Background: The efficacy of the thalidomide and dexamethasone combination regimens (T+D) in the treatment of multiple myeloma (MM) has been documented. Venous thrombotic events (VTE) have been associated with T+D regimens in patients who may also have individual and disease-specific risk factors for VTE. Antithrombotic prophylaxis (AP) strategies based upon risk factors recently have been proposed (Palumbo et al., Leukemia 2007).
Objectives: To assess the relationship between known VTE risk factors on the probability of prescription antithrombotic prophylaxis (AP) in a community-based cohort of MM patients receiving T+D and to evaluate secular trends in prescribing patterns (exclusive of over-the-counter (OTC) aspirin).
Methods: An analysis of MM patients treated with T+D from 2004–2007 was performed using the IHCIS National Managed Care Benchmark Database from Ingenix, Inc. Diagnoses, procedures and medications were evaluated using ICD-9-CM, CPT, HCPCS and NDC codes. VTE risk factors among MM patients were evaluated as were secular trends in the proportion of patients receiving AP regimens (exclusive of OTC aspirin therapy) and the proportion of patients receiving high-dose (cumulative dose ≥480 mg over the initial 28 day cycle) vs. low-dose dexamethasone (cumulative dose ≤ 160 mg). Risk factors present prior to T+D therapy (as identified by Palumbo et al.) included age, congestive heart failure, atrial fibrillation, recent (≤ past 90 days) stroke, other peripheral vascular disease, diabetes, infection, chronic renal disease, recent surgery, recent hospitalization, use of central venous catheter, chemotherapy, and use of erythropoietin-stimulating agents (ESA). Outcomes of interest included secular trends by half-year in the proportion of patients receiving AP regimens in combination with T+D and in the proportion of patients receiving high vs. low dose dexamethasone regimens. Odds ratios (OR) with 95% confidence intervals (CI) were estimated from a multivariate logistic regression model of AP use as a function of identified risk factors with a p-value ≤ 0.10 for retention in the model.
Results: Among 1732 patients first receiving T+D between 2004–2007, 12.4% received prescription AP simultaneously with T+D, and no secular trend in the overall proportion of T+D patients receiving prophylaxis was observed. In 2007, the proportion of all patients starting T+D regimens with low-dose dexamethasone was 35.9% in the first half of the year in contrast to 58.7% in the second half of the year. Among all patients, 66.3% had at least one risk factor. Among patients with at least two risk factors (N=837; 48.3%), 14.7% received prescription AP simultaneously with T+D. Independent predictors of prescription AP use include age (OR=0.98; CI= 0.97, 1.00), stroke (OR=3.06; CI=0.88, 10.66), peripheral vascular disease (OR=2.69; CI=1.47, 4.93), recent surgery (OR=1.93; CI=1.42, 2.62), and concomitant ESA use (OR=1.67; CI=1.19, 2.34).

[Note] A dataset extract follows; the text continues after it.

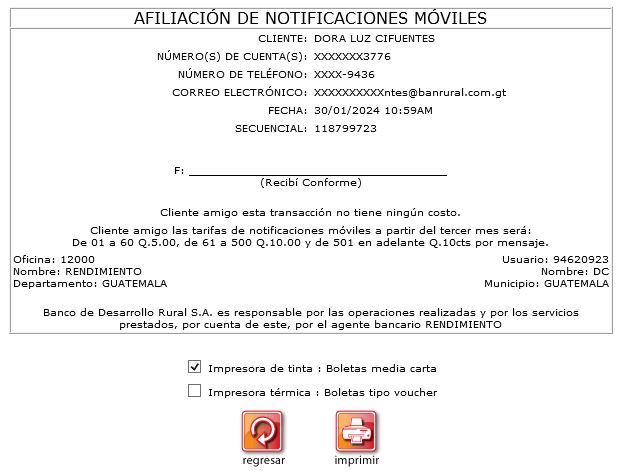 1. Ahora en el módulo del agente Bancario de Caja Banrural nuestros clientes podrán afiliar al número de teléfono que tienen registrado en banco la recepción de mensajes con información sobre sus cuentas de ahorro y monetario por medio de la siguiente transacción:

Conclusions: While the likelihood of thromboprophylaxis is increased in the presence of several well-known risk factors, additional consideration of thromboprophylaxis among patients with recognized VTE risk factors may be clinically warranted. Further reductions in VTE events may be anticipated should recent prescribing patterns of T+D employing low-dose dexamethasone continue.
Disclosures: Brandenburg:Celgene: Employment, Equity Ownership. Goss:Biotech and pharmaceutical companies: Consultancy, Research Funding. Knight:Biotech and pharmaceutical companies: Consultancy, Research Funding. Xu:Biotech and pharmaceutical companies: Consultancy, Research Funding. Knight:Celgene: Employment, Equity Ownership.